INFORMATION SHOWN:

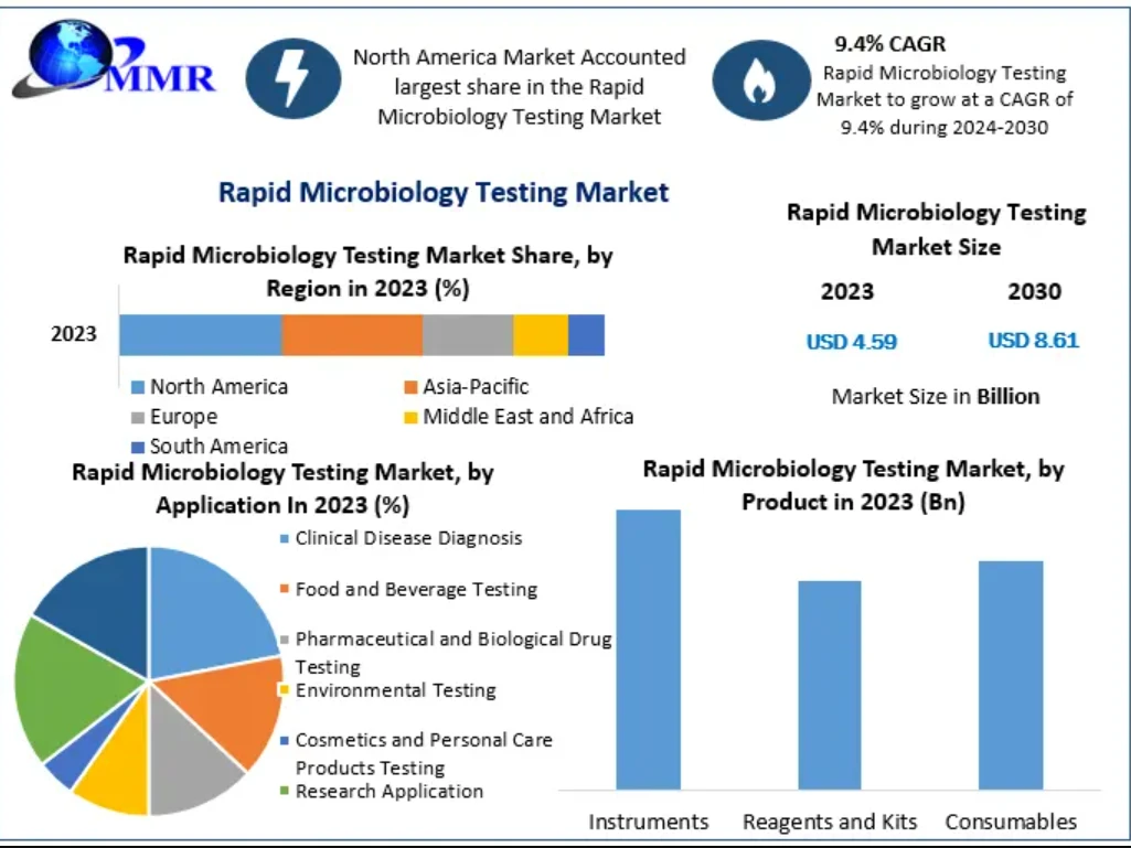 Rapid Microbiology Testing Market has valued at US$ 4.59 Bn. in 2023. The Global Rapid Microbiology Testing Market size is estimated to grow at a CAGR of 9.4% over the forecast period.
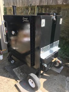 Smoker is in great shape! Had stumps make me replacement shoot door, slam latch, new firebox grate and new latches. Mine has 3 racks and 3 runners spacing is about 7 inches apart
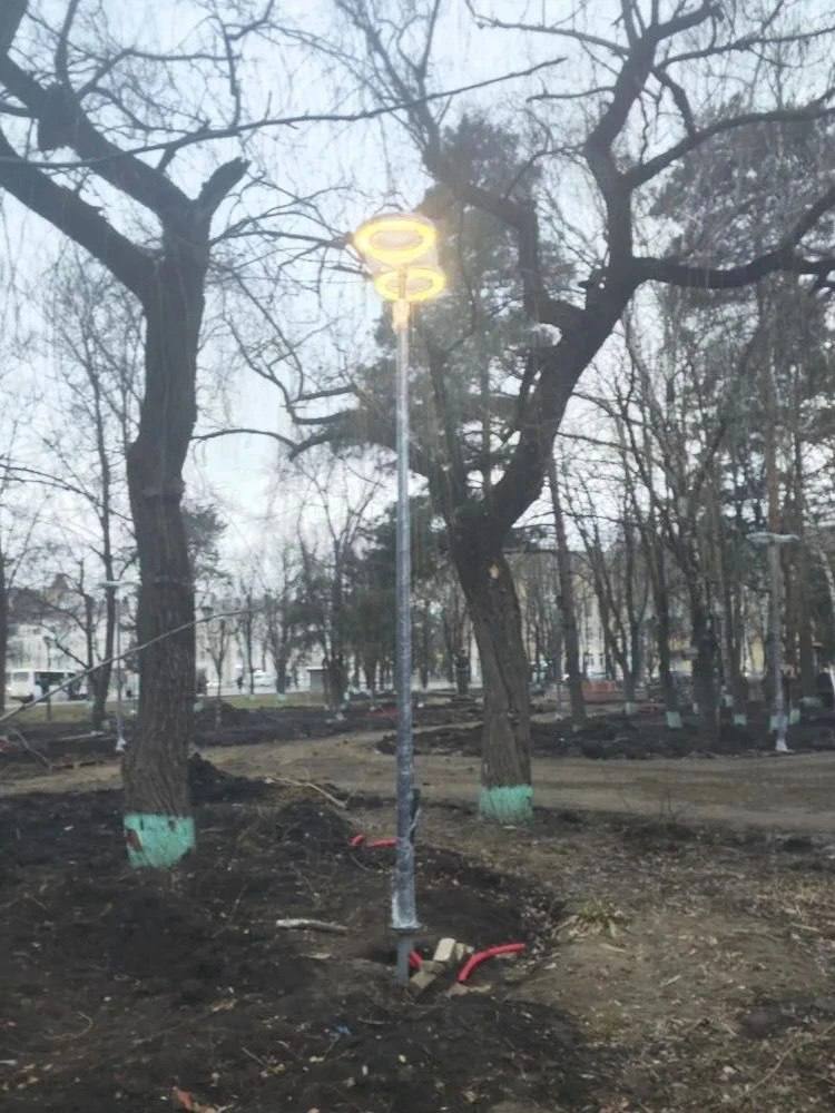 Специалисты установили около 30 торшеров, проложили кабели для освещения и видеонаблюдения.
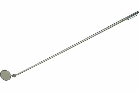 Телескопическое зеркало с магнитом Ombra A90023 для осмотра труднодоступных мест и извлечения различных деталей, выполненных из металлов на основе железа, массой до 0.05 кг. Инструмент оснащен телескопическим механизмом, позволяющим удлинять приспособление для более удобной работы. Диаметр зеркала составляет 38 мм.

EXERCISE: Within the material above, only the stretch from the line holding "Smoker is in" through the line holding "Специалисты установили около" is to be restated exactly. Pictures are dropped.

EXERCISE RESULT:
 Smoker is in great shape! Had stumps make me replacement shoot door, slam latch, new firebox grate and new latches. Mine has 3 racks and 3 runners spacing is about 7 inches apart
 Специалисты установили около 30 торшеров, проложили кабели для освещения и видеонаблюдения.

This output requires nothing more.